In the past, many strategies have been developed to model the Multi-armed bandit problem and provide optimised solutions, Banditron, Confidit, Random Forest to name a few. Most of these strategies have two components: The base learner and the Exploration algorithm. These allow the algorithm to balance exploitation and exploration to provide optimal results. Many efficient contextual bandit solutions have been proposed that provide strong theoretical guarantees. However, it is difficult to extend these solutions to real-world problems due to the presence of multiple tunable parameters that require prior knowledge of the data to set their values. We provide a new Contextual Bandit algorithm, which makes use of adaptive fuzzy inference systems using Thompson sampling-based approach. Several existing models are trained to validate the expected value of reward for a given arm. The proposed algorithm is tested against many existing bandit algorithms on multiple datasets namely, Statlog, Covertype, Mushroom and Adult Income.

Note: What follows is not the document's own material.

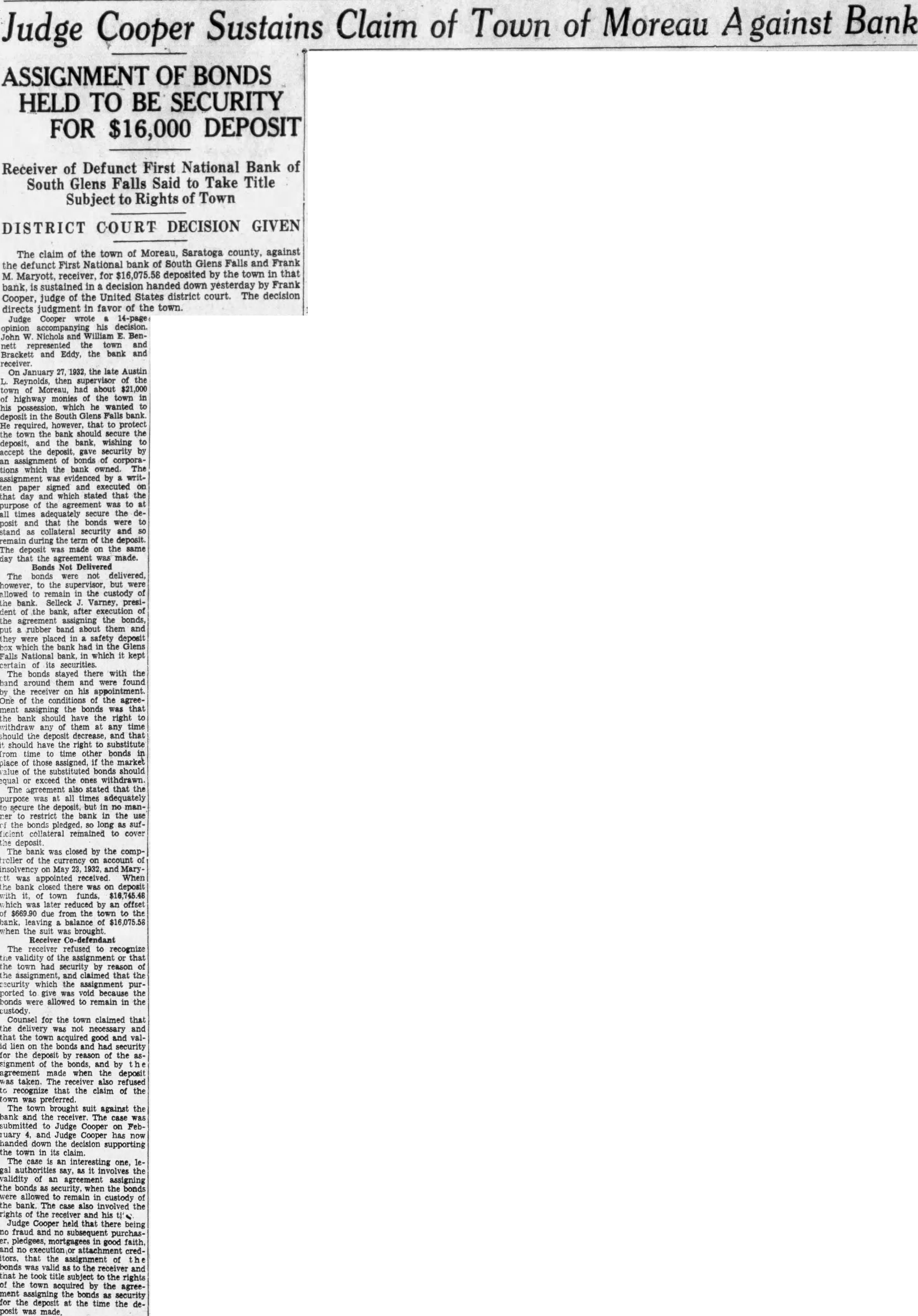 Judge Cooper Sustains Claim of Town of Moreau gainst Bank ASSIGNMENT OF BONDS HELD TO BE SECURITY FOR $16,000 DEPOSIT Receiver of Defunct First National Bank of South Glens Falls Said to Take Title Subject to Rights of Town DISTRICT COURT DECISION GIVEN The claim of the town of Moreau, Saratoga county, against the defunct First National bank of South Glens Falls and Frank M. Maryott, receiver, for $16,075.58 deposited by the town in that bank, is sustained in a decision handed down yesterday by Frank Cooper, judge of the United States district court. The decision directs judgment in favor of the town. Judge Cooper wrote 14-page opinion accompanying his decision. John W. Nichols and William E. Bennett represented the town and Brackett and Eddy, the bank and receiver On January 27, 1932, the late Austin L. Reynolds, then supervisor of the town of Moreau, had about $21,000 of highway monies of the town in his possession, which he wanted to deposit in the South Glens Falls bank He required, however, that to protect the town the bank should secure the deposit, and the bank, wishing to accept the deposit, gave security by an assignment of bonds of corporations which the bank owned. The assignment was evidenced by writ. ten paper signed and executed on that day and which stated that the purpose of the was to at all times adequately secure the deposit and that the bonds were to stand as collateral security and so remain during the term of the deposit. The deposit was made on the same day that the agreement was made. Bonds Not Delivered The bonds were not delivered, however, to the supervisor, but were allowed to remain in the custody of the bank. Selleck J. Varney, president of the bank, after execution of the agreement assigning the bonds, put rubber band about them and they were placed in safety deposit box which the bank had in the Glens Falls National bank, in which it kept certain of its securities. The bonds stayed there with the band around them and were found by the receiver on his appointment. One of the conditions of the agreement assigning the bonds was that the bank should have the right to withdraw any of them at any time should the deposit decrease, and that it should have the right to substitute from time to time other bonds in place of those assigned, if the market value of the substituted bonds should equal or exceed the ones withdrawn. The agreement also stated that the purpose was at all times adequately to secure the deposit, but in no manner to restrict the bank in the use of the bonds pledged. so long as sufficient collateral remained to cover the deposit. The bank was closed by the comptroller of the currency on account of insolvency on May 23, 1932, and Maryctt was appointed received When the bank closed there was on deposit with it, of town funds, $16,745.48 which was later reduced by an offset of $669.90 due from the town to the bank, leaving balance of $16,075.58 when the suit was brought. Receiver Co-defendant The receiver refused to recognize the validity of the assignment or that the town had security by reason of the assignment, and claimed that the security which the assignment purported to give was void because the bonds were allowed to remain in the custody Counsel for the town claimed that the delivery was not necessary and that the town acquired good and valid lien on the bonds and had security for the deposit by reason of the assignment of the bonds, and by the agreement made when the deposit was taken. The receiver also refused to recognize that the claim of the town was preferred. The town brought suit against the bank and the receiver. The case was submitted to Judge Cooper on February 4, and Judge Cooper has now handed down the decision supporting the town in its claim. The case is an interesting one, legal authorities say, as it involves the validity of an agreement assigning the bonds as security, when the bonds were allowed to remain in custody of the bank. The case also involved the rights the receiver and his the Judge Cooper held that there being no fraud and no subsequent purchaser, pledgees, mortgagees in good faith, and no execution attachment creditors, that the assignment of the bonds was valid as the receiver and that he took title subject to the rights of the town acquired by the agreement assigning the bonds as security for the deposit at the time the deposit was made.

Further, we have used our model to detect fraudulent transactions in credit card transactions. The motivation to model fraud detection in credit card transactions as a contextual multi-armed bandit problem is the nature of the learning environment. Normally, credit card transactions are collected on a day to day basis, which is then evaluated by an ensemble model which marks the transactions that are most likely to be fraudulent. These are then evaluated by human experts. However, the sooner a fraudulent transaction is detected the better it is for the company, hence a model that can predict fraudulent transactions in real time can reduce losses and improve performance. Multi-armed bandit problem (MAB) is a special class of sequential optimization problems.
It is a problem where a fixed set of resources should be allocated to a fixed number of competing choices in a way that maximises the expected reward. Consider a scenario where a gambler has to choose between k-bandit machines on each turn. He, however, doesn’t have any knowledge about the reward distribution for each bandit machine, which means he needs to play each machine at least once to gain information about it. He has to alternate between exploiting the best machine based on his current knowledge or explore new machines to expand his knowledge base. This problem gets its name from this scenario. It is generally applied to areas where resources have to be allocated with an optimizing objective. We run into the Multi-Armed bandit problem whenever we run into the dilemma of exploring or exploiting in the problem space.